* _EXERCISE REQUIREMENTS_
Excluding any images, copy all of the lines below precisely as written.

* _SUPPLIED MATERIAL_
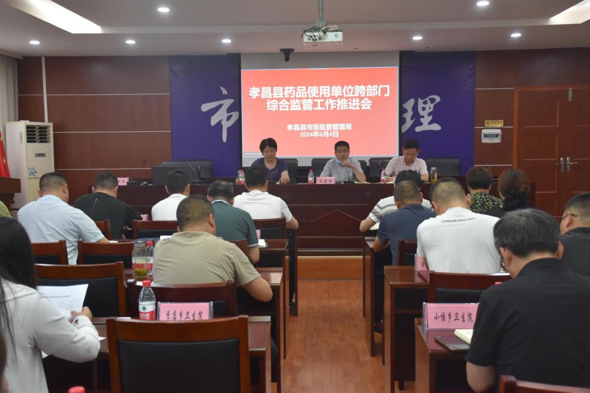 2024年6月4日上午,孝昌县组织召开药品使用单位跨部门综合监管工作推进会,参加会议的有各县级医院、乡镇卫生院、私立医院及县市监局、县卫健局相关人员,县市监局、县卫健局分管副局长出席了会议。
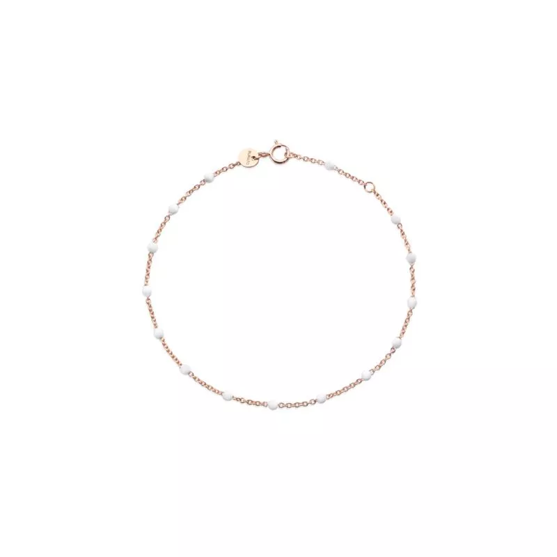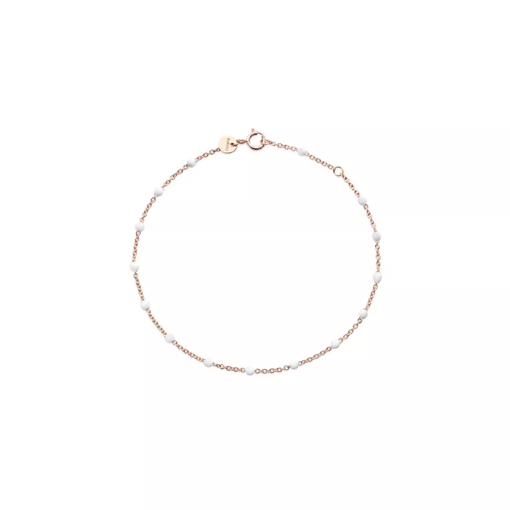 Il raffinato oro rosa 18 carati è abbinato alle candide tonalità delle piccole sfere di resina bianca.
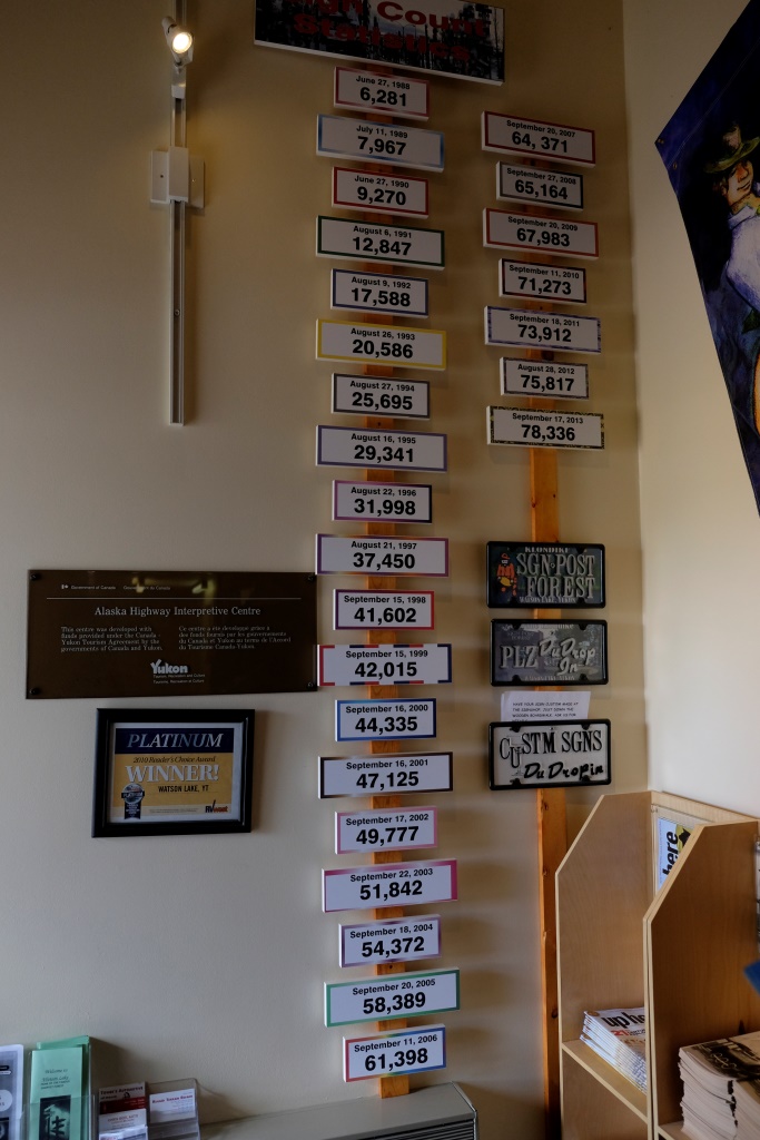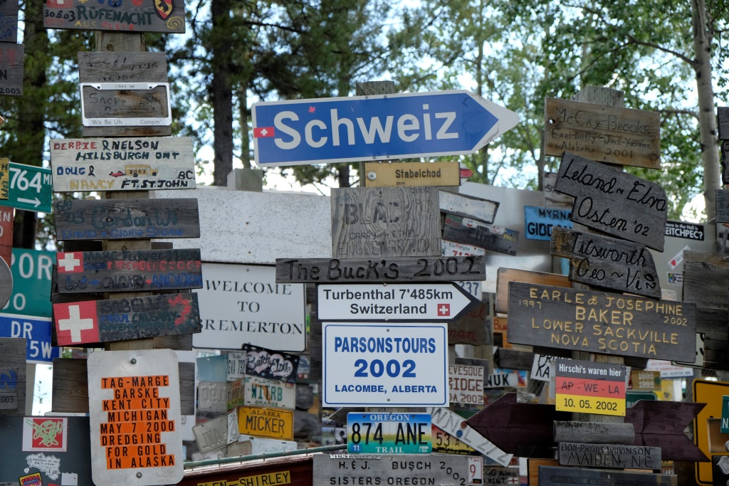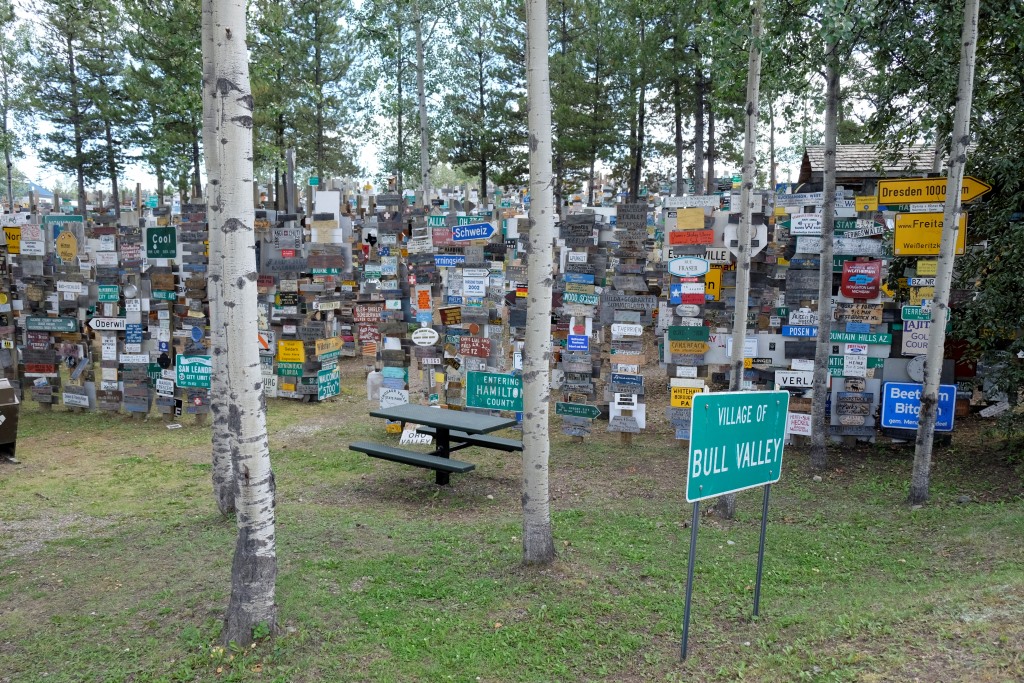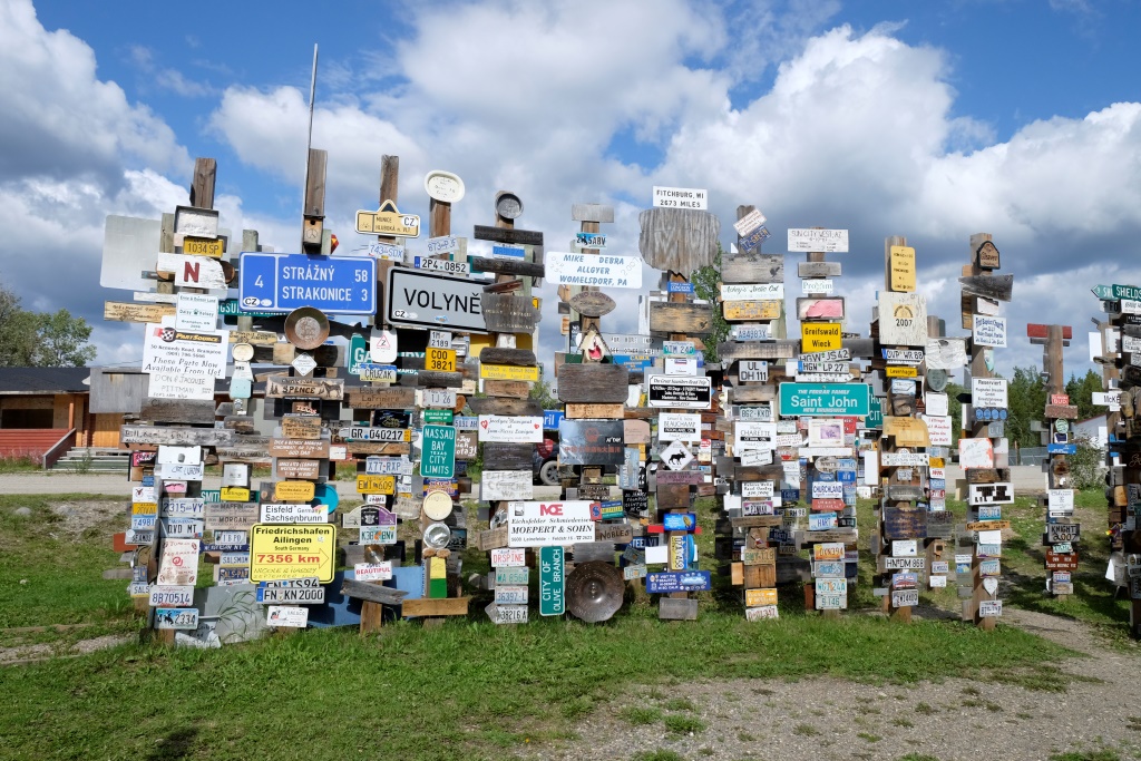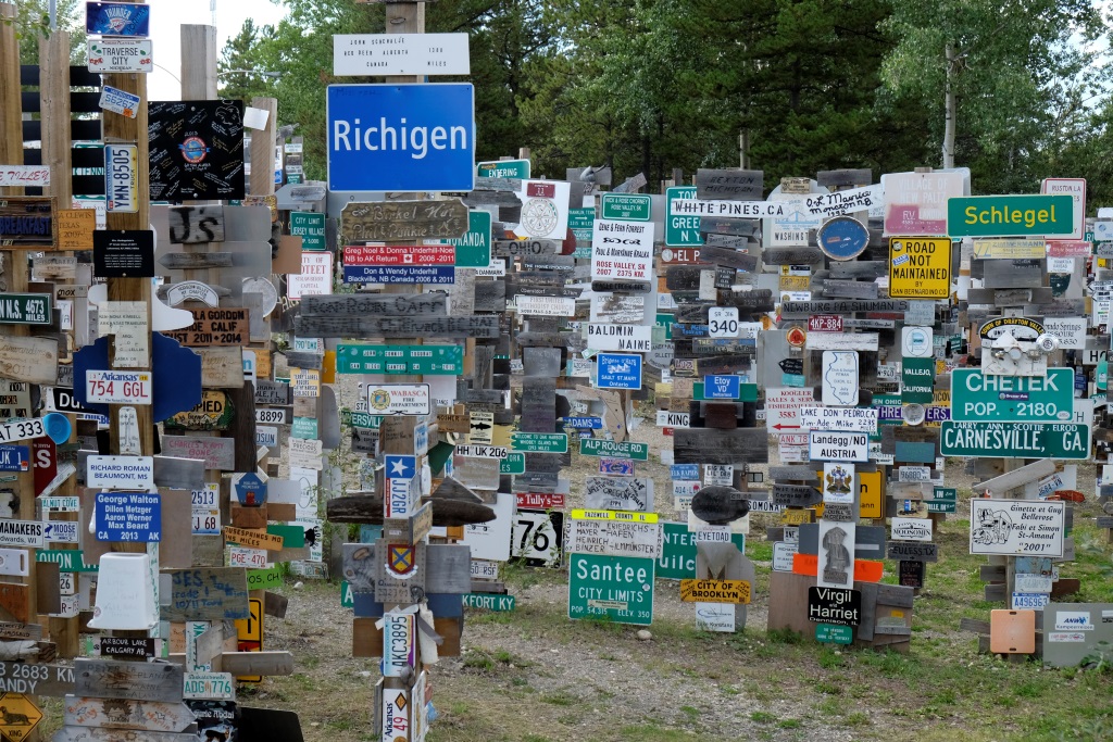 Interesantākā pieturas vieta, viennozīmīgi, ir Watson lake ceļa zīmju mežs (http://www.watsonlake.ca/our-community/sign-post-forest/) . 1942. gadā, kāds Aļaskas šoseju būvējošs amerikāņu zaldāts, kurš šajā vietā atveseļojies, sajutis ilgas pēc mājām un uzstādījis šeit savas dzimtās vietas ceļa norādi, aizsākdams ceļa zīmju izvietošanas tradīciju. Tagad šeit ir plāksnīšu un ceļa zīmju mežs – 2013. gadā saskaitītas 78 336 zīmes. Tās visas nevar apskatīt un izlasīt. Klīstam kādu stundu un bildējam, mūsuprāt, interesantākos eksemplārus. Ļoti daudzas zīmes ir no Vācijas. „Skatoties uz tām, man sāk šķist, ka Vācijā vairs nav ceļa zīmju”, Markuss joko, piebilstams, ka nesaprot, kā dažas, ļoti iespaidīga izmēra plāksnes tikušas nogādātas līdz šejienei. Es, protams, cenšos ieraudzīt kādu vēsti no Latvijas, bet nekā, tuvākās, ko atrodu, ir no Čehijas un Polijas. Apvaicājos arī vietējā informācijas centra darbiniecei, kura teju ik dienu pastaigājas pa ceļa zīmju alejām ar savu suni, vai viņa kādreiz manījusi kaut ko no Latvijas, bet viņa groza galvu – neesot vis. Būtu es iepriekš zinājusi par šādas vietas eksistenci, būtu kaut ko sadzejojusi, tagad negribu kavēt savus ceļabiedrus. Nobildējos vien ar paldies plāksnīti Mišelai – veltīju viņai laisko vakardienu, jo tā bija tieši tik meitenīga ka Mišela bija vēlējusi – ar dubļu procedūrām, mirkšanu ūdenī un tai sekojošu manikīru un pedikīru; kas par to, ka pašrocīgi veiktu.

* _RESPONSE AREA_
 2024年6月4日上午,孝昌县组织召开药品使用单位跨部门综合监管工作推进会,参加会议的有各县级医院、乡镇卫生院、私立医院及县市监局、县卫健局相关人员,县市监局、县卫健局分管副局长出席了会议。
 Il raffinato oro rosa 18 carati è abbinato alle candide tonalità delle piccole sfere di resina bianca.
 Interesantākā pieturas vieta, viennozīmīgi, ir Watson lake ceļa zīmju mežs (http://www.watsonlake.ca/our-community/sign-post-forest/) . 1942. gadā, kāds Aļaskas šoseju būvējošs amerikāņu zaldāts, kurš šajā vietā atveseļojies, sajutis ilgas pēc mājām un uzstādījis šeit savas dzimtās vietas ceļa norādi, aizsākdams ceļa zīmju izvietošanas tradīciju. Tagad šeit ir plāksnīšu un ceļa zīmju mežs – 2013. gadā saskaitītas 78 336 zīmes. Tās visas nevar apskatīt un izlasīt. Klīstam kādu stundu un bildējam, mūsuprāt, interesantākos eksemplārus. Ļoti daudzas zīmes ir no Vācijas. „Skatoties uz tām, man sāk šķist, ka Vācijā vairs nav ceļa zīmju”, Markuss joko, piebilstams, ka nesaprot, kā dažas, ļoti iespaidīga izmēra plāksnes tikušas nogādātas līdz šejienei. Es, protams, cenšos ieraudzīt kādu vēsti no Latvijas, bet nekā, tuvākās, ko atrodu, ir no Čehijas un Polijas. Apvaicājos arī vietējā informācijas centra darbiniecei, kura teju ik dienu pastaigājas pa ceļa zīmju alejām ar savu suni, vai viņa kādreiz manījusi kaut ko no Latvijas, bet viņa groza galvu – neesot vis. Būtu es iepriekš zinājusi par šādas vietas eksistenci, būtu kaut ko sadzejojusi, tagad negribu kavēt savus ceļabiedrus. Nobildējos vien ar paldies plāksnīti Mišelai – veltīju viņai laisko vakardienu, jo tā bija tieši tik meitenīga ka Mišela bija vēlējusi – ar dubļu procedūrām, mirkšanu ūdenī un tai sekojošu manikīru un pedikīru; kas par to, ka pašrocīgi veiktu.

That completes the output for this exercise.